Abstract:The rapid expansion of context length in large language models (LLMs) has outpaced existing evaluation benchmarks. Current long-context benchmarks often trade off scalability and realism: synthetic tasks underrepresent real-world complexity, while fully manual annotation is costly to scale to extreme lengths and diverse scenarios. We present LongBench Pro, a more realistic and comprehensive bilingual benchmark of 1,500 naturally occurring long-context samples in English and Chinese spanning 11 primary tasks and 25 secondary tasks, with input lengths from 8k to 256k tokens. LongBench Pro supports fine-grained analysis with task-specific metrics and a multi-dimensional taxonomy of context requirement (full vs. partial dependency), length (six levels), and difficulty (four levels calibrated by model performance). To balance quality with scalability, we propose a Human-Model Collaborative Construction pipeline: frontier LLMs draft challenging questions and reference answers, along with design rationales and solution processes, to reduce the cost of expert verification. Experts then rigorously validate correctness and refine problematic cases.

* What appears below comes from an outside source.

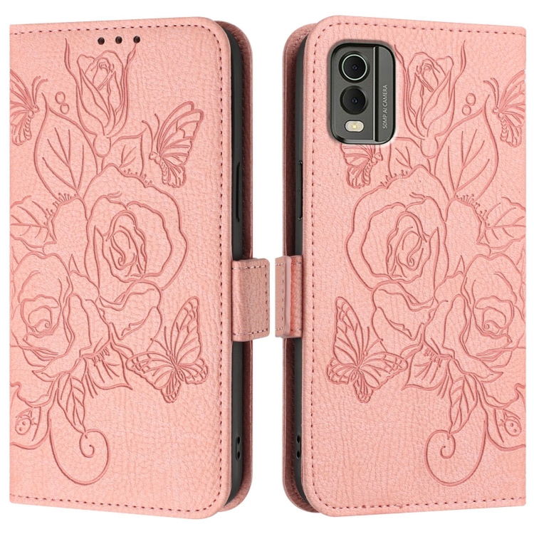 Funda de Cuero Antirrobo RFID para Nokia C32 con Relieve (Rosa)

Evaluating 46 widely used long-context LLMs on LongBench Pro yields three findings: (1) long-context optimization contributes more to long-context comprehension than parameter scaling; (2) effective context length is typically shorter than the claimed context length, with pronounced cross-lingual misalignment; and (3) the "thinking" paradigm helps primarily models trained with native reasoning, while mixed-thinking designs offer a promising Pareto trade-off. In summary, LongBench Pro provides a robust testbed for advancing long-context understanding.